Sturgeons Versus Surgeons: Leaping Fish Injuries at a Level 1 Trauma Center,” Jason P. Wilson, George Burgess, Robert D. Winfield, and Lawrence Lottenberg, The American Surgeon, vol. 75, no. 3, 2009, pp. 220-222. 

Seth Gliksman, Production Assistant

Available on Spotify, Apple Podcasts, Overcast, Google Podcasts, AntennaPod, BeyondPod and elsewhere!

A look back at more sex from A Slob

November 22nd, 2020

A Slob was appreciated twelve years ago, in the September, 2008 issue of mini-AIR. Let’s take a fond look back:

2008-09-08 More Sex From A. Slob

Investigator P.J. Finn complains that we have neglected the once-popular feature called “Sex From A. Slob.” Dr. Slob, investigator Finn reminds us, is based at Erasmus University, Rotterdam. To lessen investigator Finn’s unhappiness, the series resumes:


Sexual Arousability and the Menstrual Cycle,” A. Koos Slob, et al., Psychoneuroendocrinology. vol. 21, no. 6, August 1996, pp. 545-58.


Age, Libido, and Male Sexual Function,” A. Koos Slob, Prostate, vol. 10, 2000, pp. 9-13.

That same issue of min-AIR included a rare star turn from science limericist R. Burpee Bohaker.

There was, too, a preview of that year (2008)’s Ig Nobel Prize ceremony:

2008-09-06 More about the Ig

More of what’s on tap at the ceremony:

This year’s 24/7 Lecturers (each explaining a subject first in 24 seconds, then in seven words) and their topics:

Benoit Mandelbrot: Fractals
Anna Lysyanskaya: Cryptography
Steven Pinker: The Human Mind
Dany Adams: Biology
William Lipscomb: Redundancy

The ceremony will include the Win-a-Date-With-Benoit-Mandelbrot Contest, and the premiere, for the first time, of the mini-opera “Redundancy, Again.”

Also, several past winners are returning to take a bow.

Coffee as a medical treatment for Covid-19

November 21st, 2020

Is coffee an effective medicine to deal with Covid-19? A large team of researchers in France and the UK explore whether that question—the question, not the coffee—is a good way to get people thinking about:

  1. how difficult it can be to find an effective treatment for any problem, and
  2. how easy it can be to produce unreliable, shoddy answers, and
  3. how easy it can be to pay attention to unreliable, shoddy answers

The study is: “Why Methodology Is Important: Coffee as a Candidate Treatment for COVID-19,” Yaniss Belaroussi, Paul Roblot, Nathan Peiffer-Smadja, Thomas Delaye, Simone Mathoulin-Pelissier, Joffrey Lemeux, Gwenaël Le Moal, Eric Caumes, France Roblot, and Alexandre Bleibtreu, Journal of Clinical Medicine, vol. 9, no. 11, 2020, 36912020.

The abstract begins:

Background: During this pandemic situation, some studies have led to hasty conclusions about Corona Virus Disease-19 (COVID-19) treatment, due to a lack of methodology. This pedagogic study aimed to highlight potential biases in research on COVID-19 treatment.

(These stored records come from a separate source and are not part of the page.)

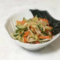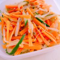 - 1 きゅうりはヘタを取り5cm長さの千切りにし、塩もみをします。にんじんは5cm長さの千切りにします。
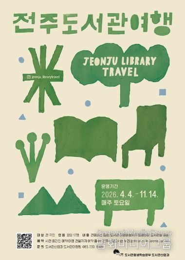 전주시는 오는 4월 4일부터 11월 14일까지 ‘2026년 전주 도서관 여행’ 프로그램을 운영할 계획이라고 3일 밝혔다.
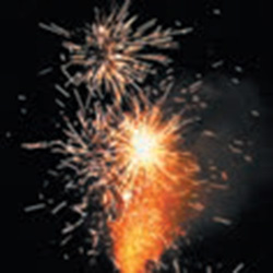 Золотые искры и синие огни. Поток золотых искр, крупные белые вспышки. Поток золотых искр, объемный треск.
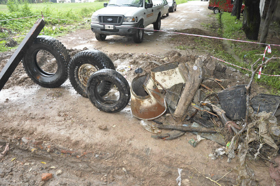"Tras un intenso trabajo de personal municipal se encontró "un supermercado de cosas usadas". En el interior del pluvial había dos lavarropas, un carretel de cables de gran tamaño que hubo que romperlo para sacarlo, ramas y troncos de distintos tamaños, ruedas y cubiertas de autos y camiones", informó el Scretario sobre la situación del lugar al tiempo que solicitó a los vecinos que "son los responsables directos de esta situación que por favor reflexionen".
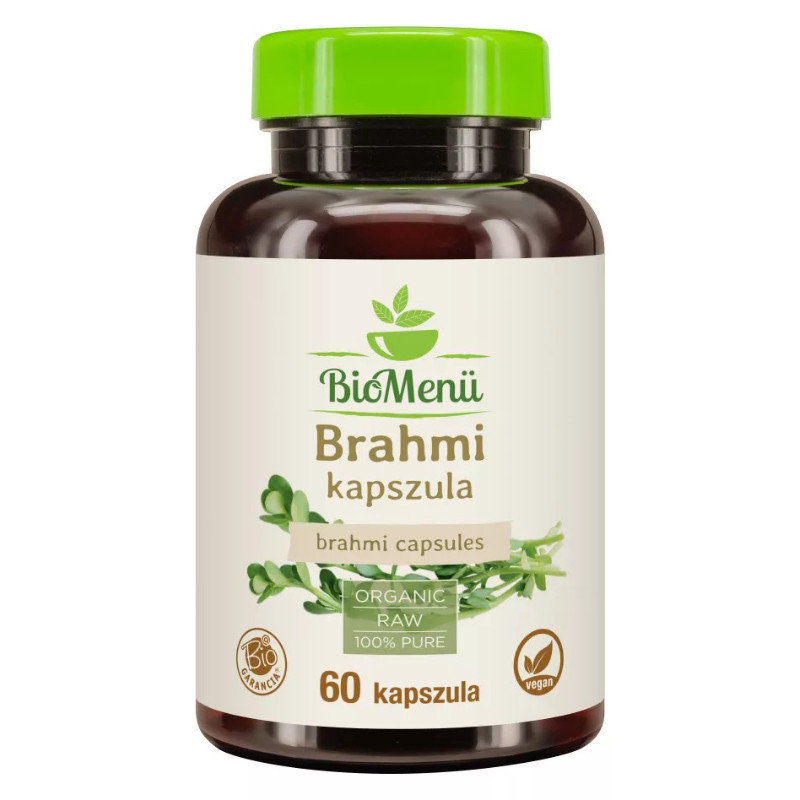 100% bio brahmi (bacopa monnieri, kislevelű bakopa) levél; csomósodást gátló anyag: szilícium-dioxid; kapszulahéj: hidroxipropil-metil-cellulóz; Allergének: nyomokban búzát, földimogyorót, dióféléket, szóját és szezámmagot tartalmazhat
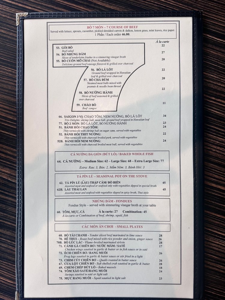 Start your culinary journey with mouthwatering appetizers like the Goi Cuon Cha Gio, a fresh imperial spring roll bursting with herbs or the Chao Tom, shrimp paste on sugar cane. For soup lovers, pho steals the spotlight with options to customize your bowl with premium beef cuts or succulent chicken. The Cha Oc Huong, featuring a flavorful snail and pork paste, promises an adventurous taste experience.
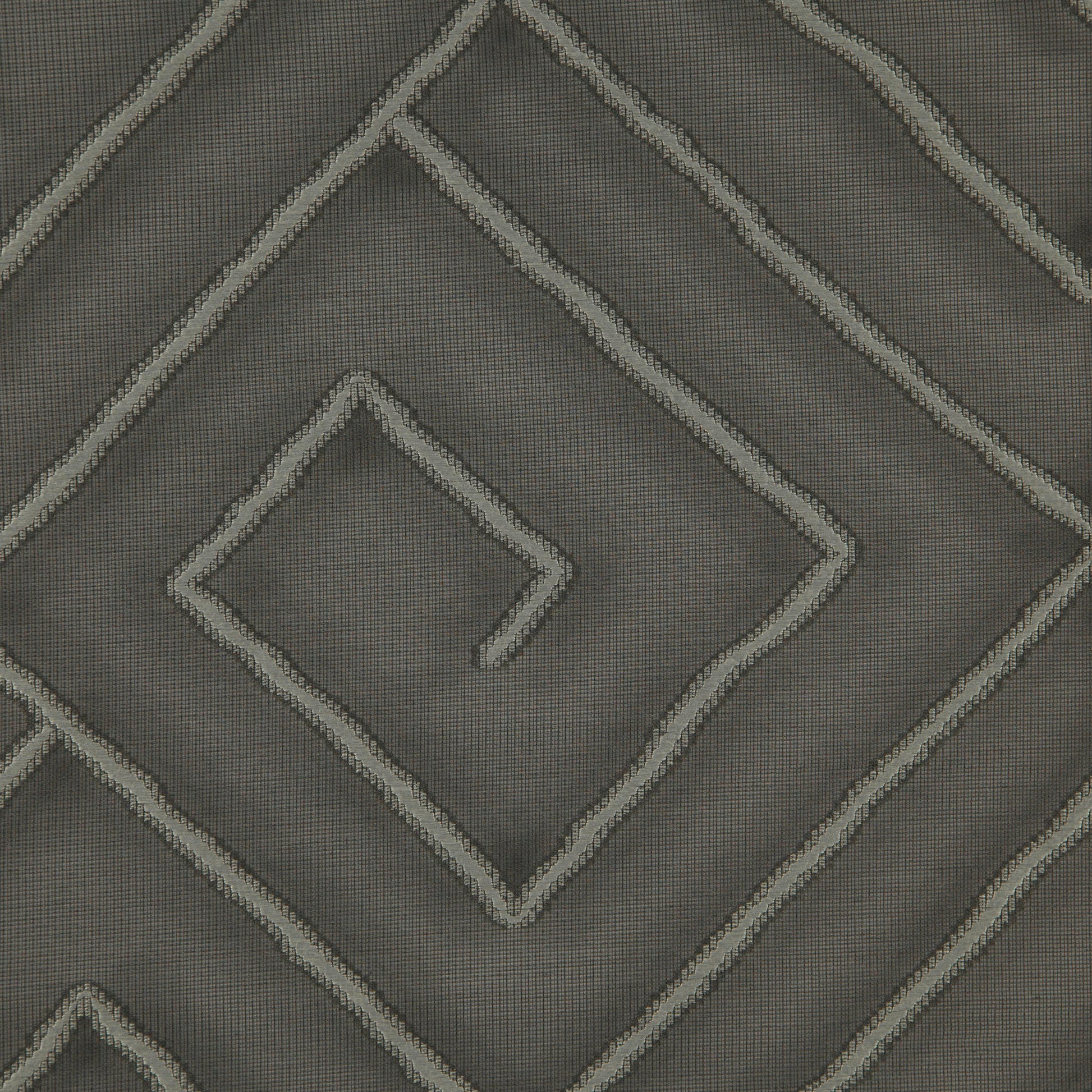 Use:Modern geometric greek key pattern sheer, 100% polyester content, 118" width, great for contract use as well as residential use. Pewter on charcoal base coloration.
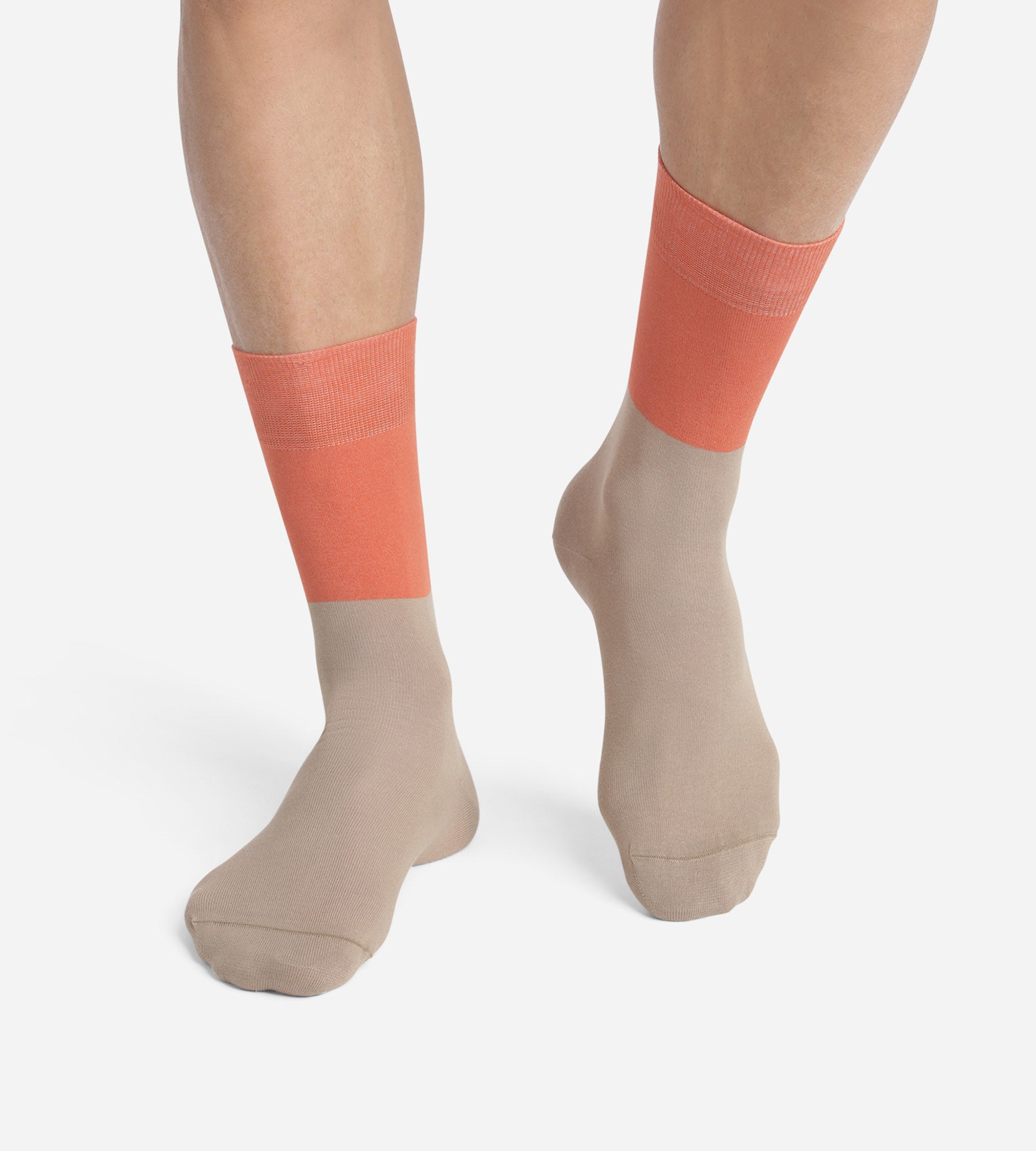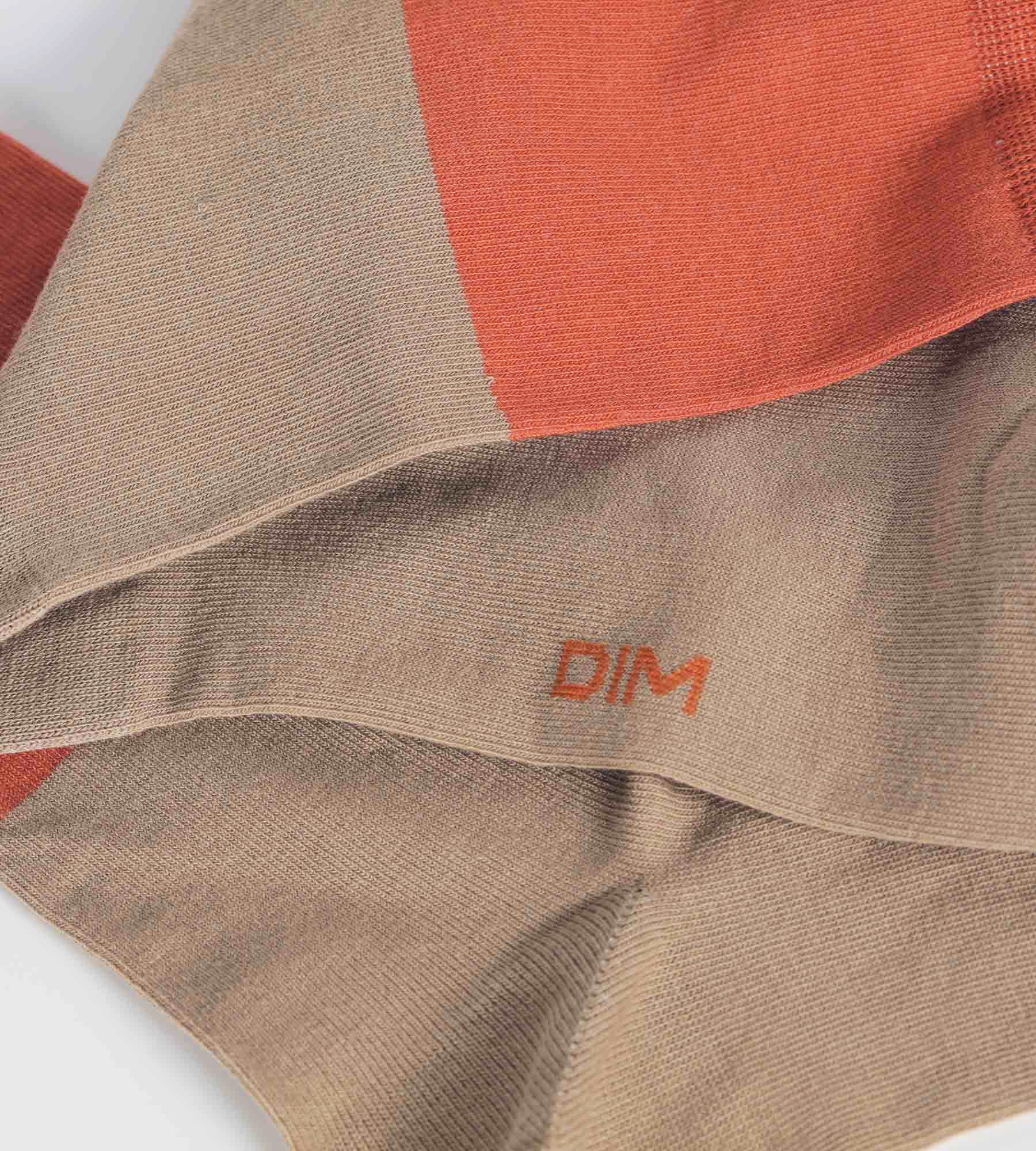 Combinando stile e comfort, le calze da uomo Dim Mode in pregiato cotone pettinato valorizzano i tuoi look quotidiani con un tocco di originalità. La combinazione di colori pralina e mandarino è discreta quando sei in piedi e aggiunge una dose di dinamismo quando sei seduto! Una combinazione perfetta di eleganza e moda per tutti i giorni!

Methods: We evaluate the effect of coffee’s active part, 1,3,7-trimethylxanthine (TMX) on patients with COVID-19. A cohort of 93 patients, with a diagnosis of COVID-19 is analyzed.

The authors proceed to do an intentionally sloppy, bad piece of not-even-research. Having lured the audience in with their implicit offer of coffee, they then serve up an unappetizing but valuable hot gulp:

Conclusions: Multiple biases prevents us from concluding to an effect of coffee on COVID-19. Despite an important social pressure during this crisis, methodology and conscientiousness are the best way to avoid hasty conclusions that can be deleterious for patients.